- **WHAT THE TASK ASKS**: Restate all of the records below exactly. Do not carry over any image.

- **EXTRACTED DATA**:

────────────────────

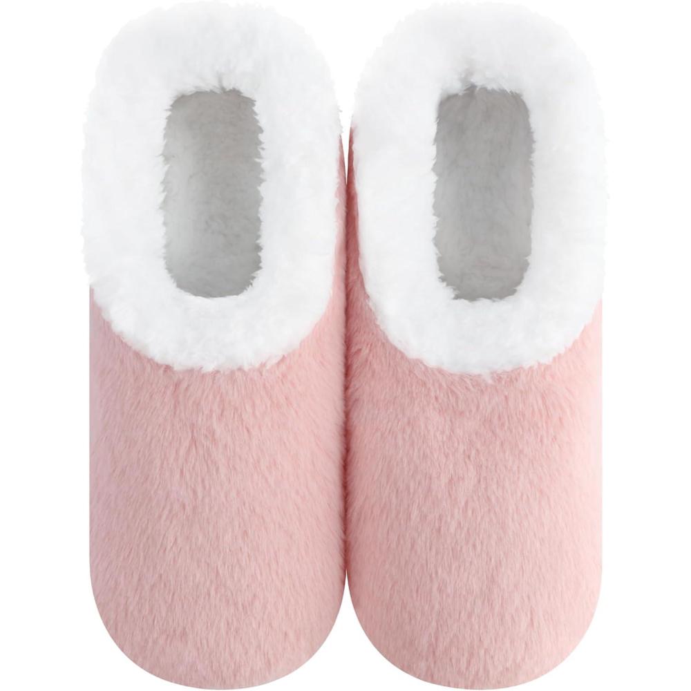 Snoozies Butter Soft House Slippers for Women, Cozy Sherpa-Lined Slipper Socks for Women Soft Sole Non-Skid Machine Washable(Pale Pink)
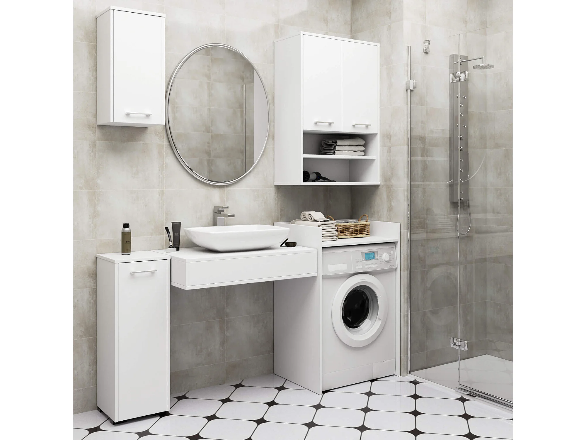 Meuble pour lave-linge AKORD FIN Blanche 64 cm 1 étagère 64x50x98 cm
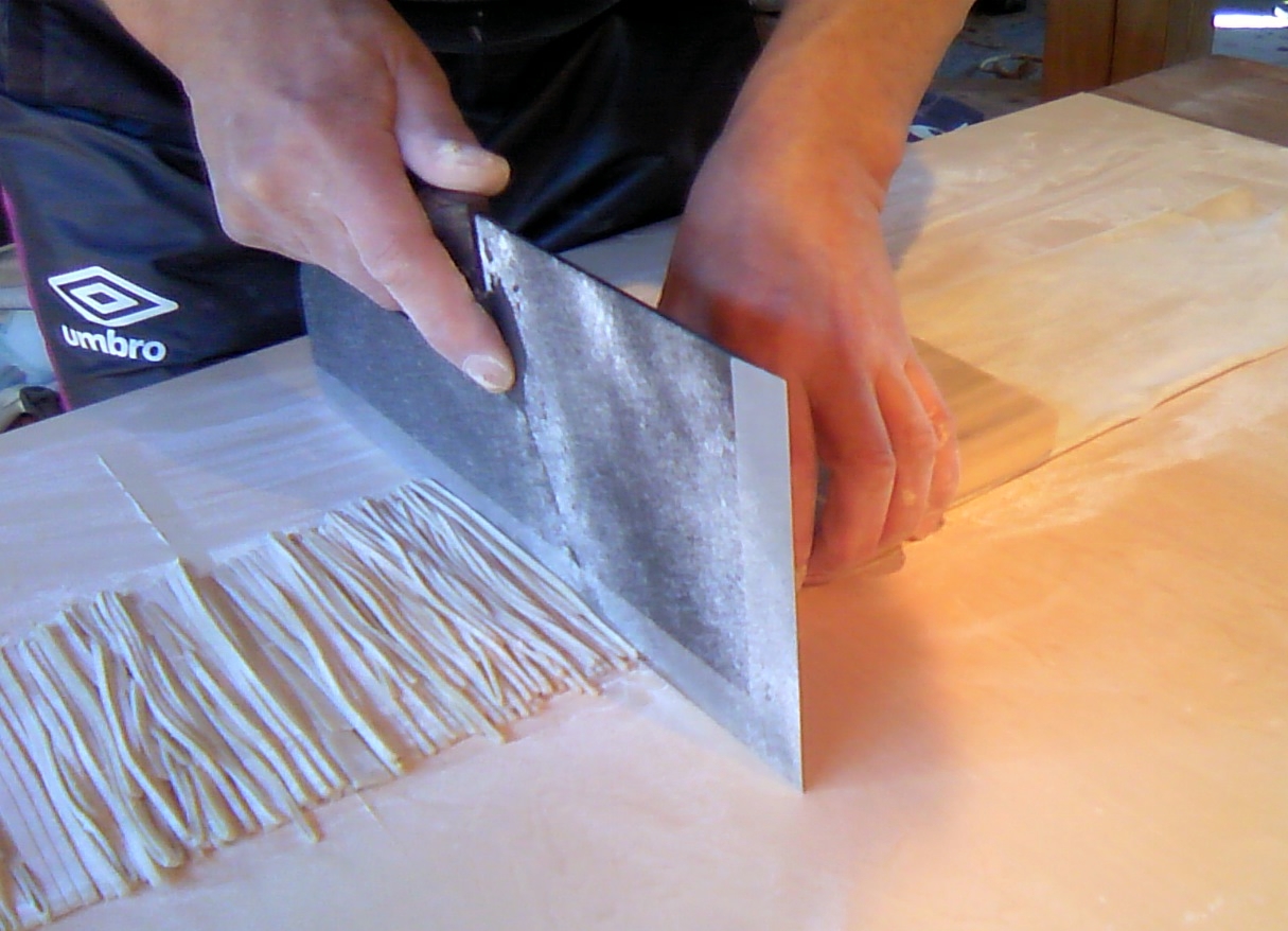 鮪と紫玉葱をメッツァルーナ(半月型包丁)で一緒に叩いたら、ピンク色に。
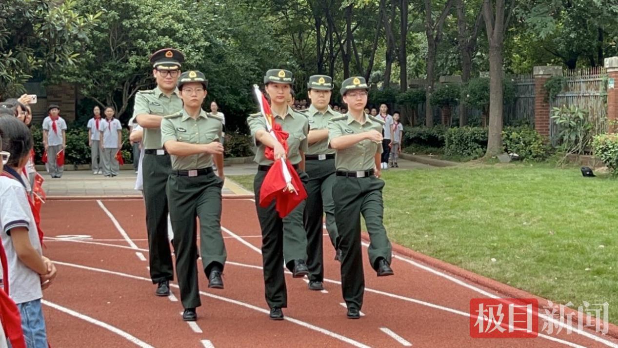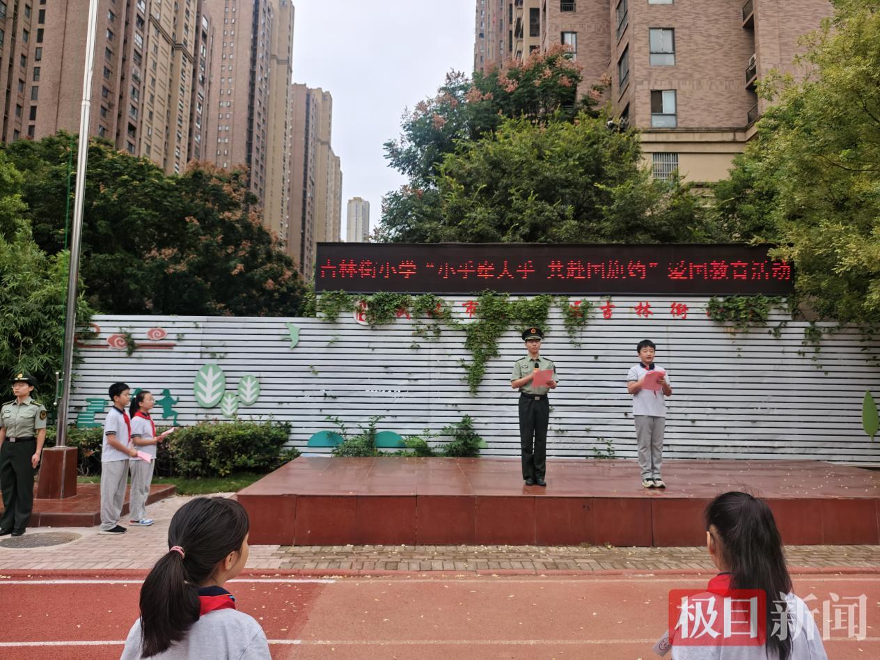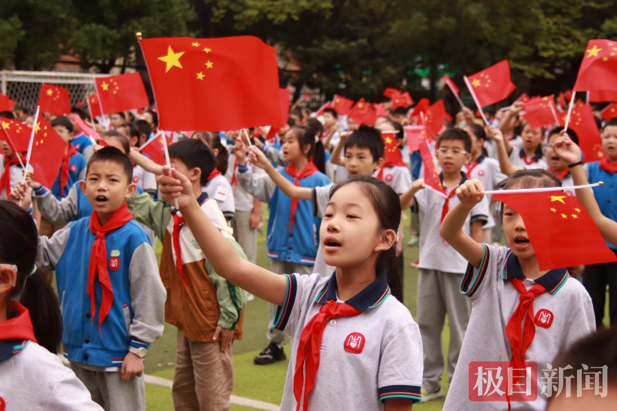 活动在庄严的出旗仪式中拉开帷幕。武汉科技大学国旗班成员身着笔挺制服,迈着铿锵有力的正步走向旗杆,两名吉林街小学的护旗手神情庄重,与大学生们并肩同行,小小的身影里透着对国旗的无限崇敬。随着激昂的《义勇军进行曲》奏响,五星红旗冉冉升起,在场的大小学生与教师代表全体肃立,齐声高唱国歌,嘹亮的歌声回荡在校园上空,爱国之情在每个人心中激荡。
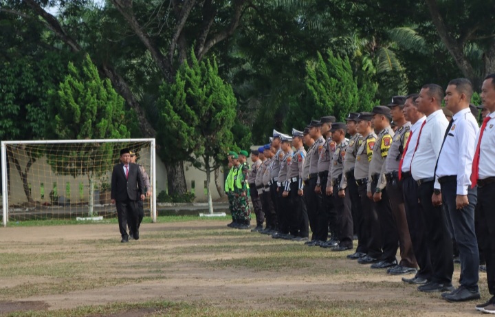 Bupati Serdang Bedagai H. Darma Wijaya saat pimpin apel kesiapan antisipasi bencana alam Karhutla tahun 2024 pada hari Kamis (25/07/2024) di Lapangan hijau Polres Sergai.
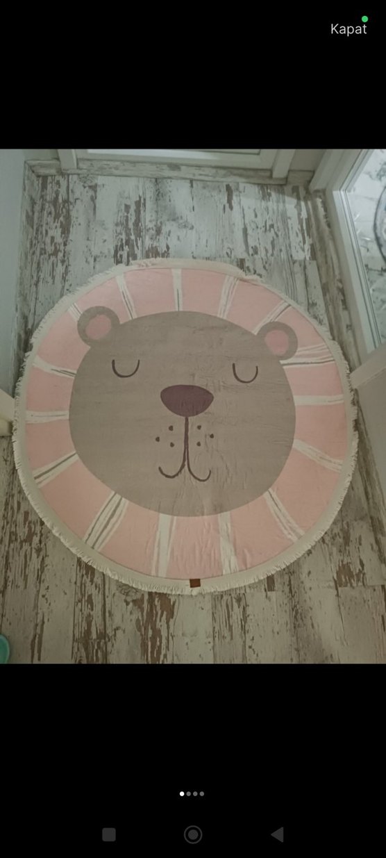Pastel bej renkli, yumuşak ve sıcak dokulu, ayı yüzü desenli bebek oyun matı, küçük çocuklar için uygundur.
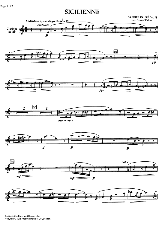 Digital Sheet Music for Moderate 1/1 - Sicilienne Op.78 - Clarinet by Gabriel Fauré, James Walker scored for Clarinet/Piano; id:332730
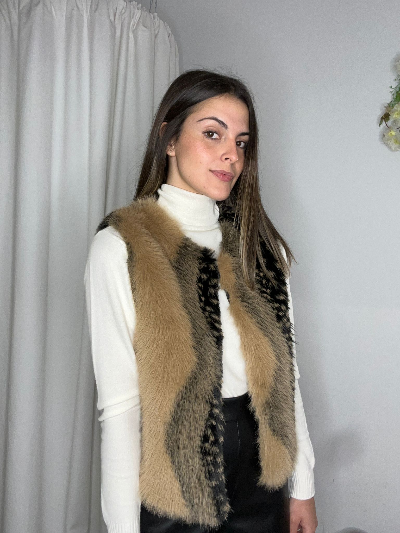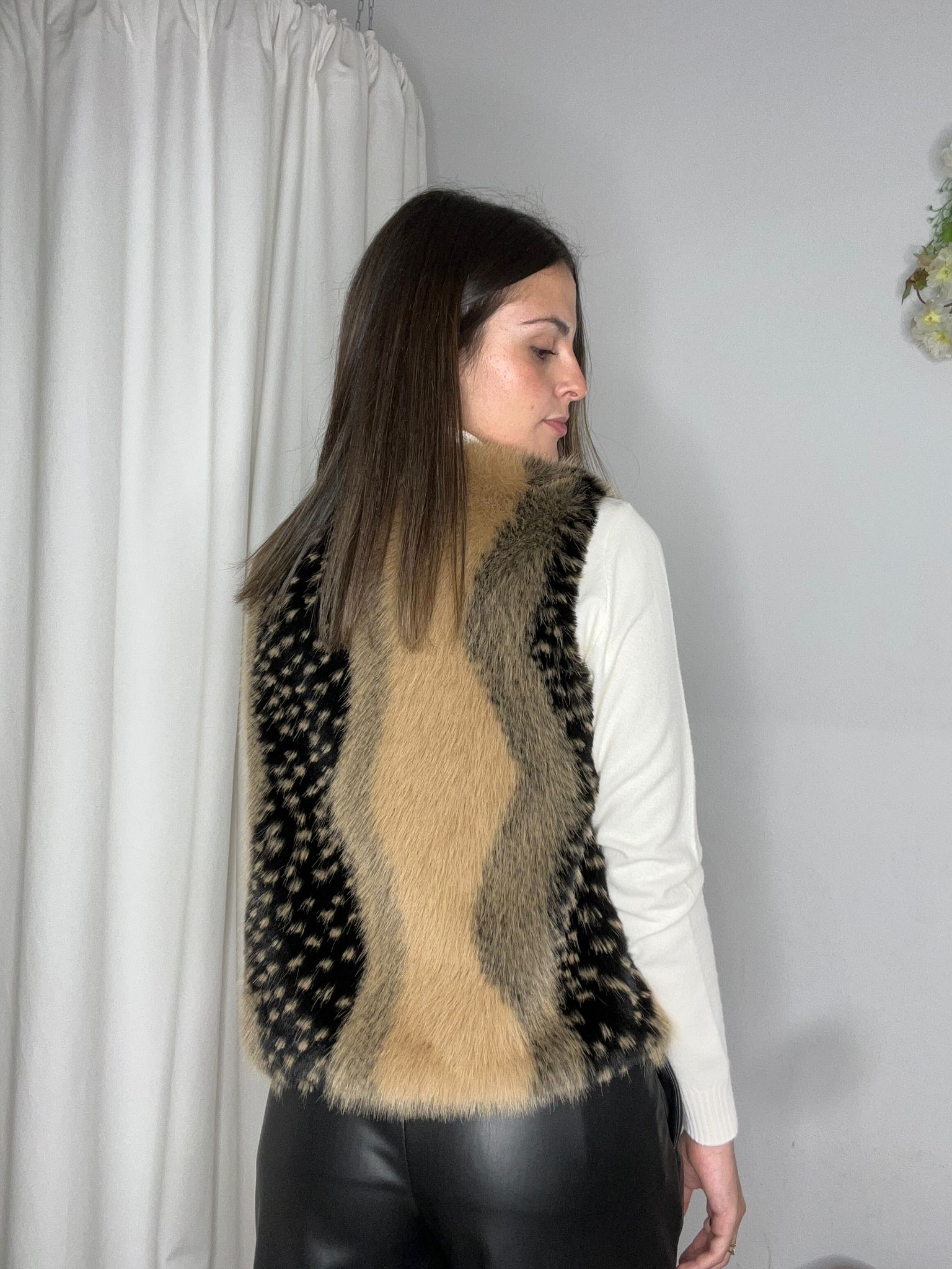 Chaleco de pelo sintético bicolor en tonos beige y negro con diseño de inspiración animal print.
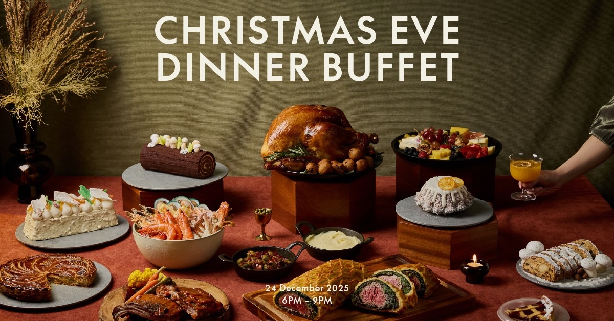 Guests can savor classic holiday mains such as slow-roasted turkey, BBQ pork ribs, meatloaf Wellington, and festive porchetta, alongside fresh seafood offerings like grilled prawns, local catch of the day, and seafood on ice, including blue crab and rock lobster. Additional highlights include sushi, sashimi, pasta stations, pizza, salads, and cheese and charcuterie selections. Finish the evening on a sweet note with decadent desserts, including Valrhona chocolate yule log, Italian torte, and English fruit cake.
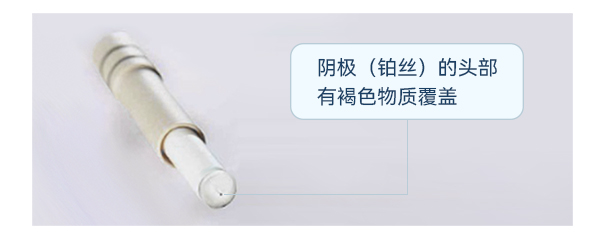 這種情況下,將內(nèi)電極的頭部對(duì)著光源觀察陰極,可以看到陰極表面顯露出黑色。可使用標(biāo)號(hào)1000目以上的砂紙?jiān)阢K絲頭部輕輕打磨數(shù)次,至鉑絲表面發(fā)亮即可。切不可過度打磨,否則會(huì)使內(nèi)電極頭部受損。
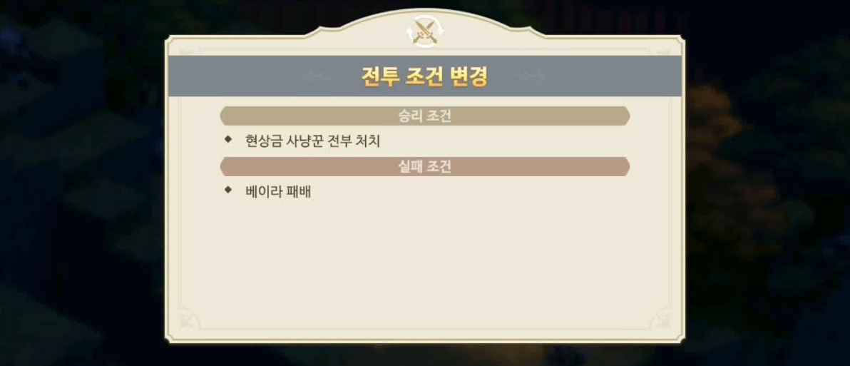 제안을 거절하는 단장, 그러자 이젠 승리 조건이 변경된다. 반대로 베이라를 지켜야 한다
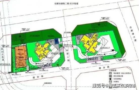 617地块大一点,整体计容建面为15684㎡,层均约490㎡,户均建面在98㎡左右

────────────────────

- **WRITTEN SOLUTION**:
 Snoozies Butter Soft House Slippers for Women, Cozy Sherpa-Lined Slipper Socks for Women Soft Sole Non-Skid Machine Washable(Pale Pink)
 Meuble pour lave-linge AKORD FIN Blanche 64 cm 1 étagère 64x50x98 cm
 鮪と紫玉葱をメッツァルーナ(半月型包丁)で一緒に叩いたら、ピンク色に。
 活动在庄严的出旗仪式中拉开帷幕。武汉科技大学国旗班成员身着笔挺制服,迈着铿锵有力的正步走向旗杆,两名吉林街小学的护旗手神情庄重,与大学生们并肩同行,小小的身影里透着对国旗的无限崇敬。随着激昂的《义勇军进行曲》奏响,五星红旗冉冉升起,在场的大小学生与教师代表全体肃立,齐声高唱国歌,嘹亮的歌声回荡在校园上空,爱国之情在每个人心中激荡。
 Bupati Serdang Bedagai H. Darma Wijaya saat pimpin apel kesiapan antisipasi bencana alam Karhutla tahun 2024 pada hari Kamis (25/07/2024) di Lapangan hijau Polres Sergai.
Pastel bej renkli, yumuşak ve sıcak dokulu, ayı yüzü desenli bebek oyun matı, küçük çocuklar için uygundur.
 Digital Sheet Music for Moderate 1/1 - Sicilienne Op.78 - Clarinet by Gabriel Fauré, James Walker scored for Clarinet/Piano; id:332730
 Chaleco de pelo sintético bicolor en tonos beige y negro con diseño de inspiración animal print.
 Guests can savor classic holiday mains such as slow-roasted turkey, BBQ pork ribs, meatloaf Wellington, and festive porchetta, alongside fresh seafood offerings like grilled prawns, local catch of the day, and seafood on ice, including blue crab and rock lobster. Additional highlights include sushi, sashimi, pasta stations, pizza, salads, and cheese and charcuterie selections. Finish the evening on a sweet note with decadent desserts, including Valrhona chocolate yule log, Italian torte, and English fruit cake.
 這種情況下,將內(nèi)電極的頭部對(duì)著光源觀察陰極,可以看到陰極表面顯露出黑色。可使用標(biāo)號(hào)1000目以上的砂紙?jiān)阢K絲頭部輕輕打磨數(shù)次,至鉑絲表面發(fā)亮即可。切不可過度打磨,否則會(huì)使內(nèi)電極頭部受損。
 제안을 거절하는 단장, 그러자 이젠 승리 조건이 변경된다. 반대로 베이라를 지켜야 한다
 617地块大一点,整体计容建面为15684㎡,层均约490㎡,户均建面在98㎡左右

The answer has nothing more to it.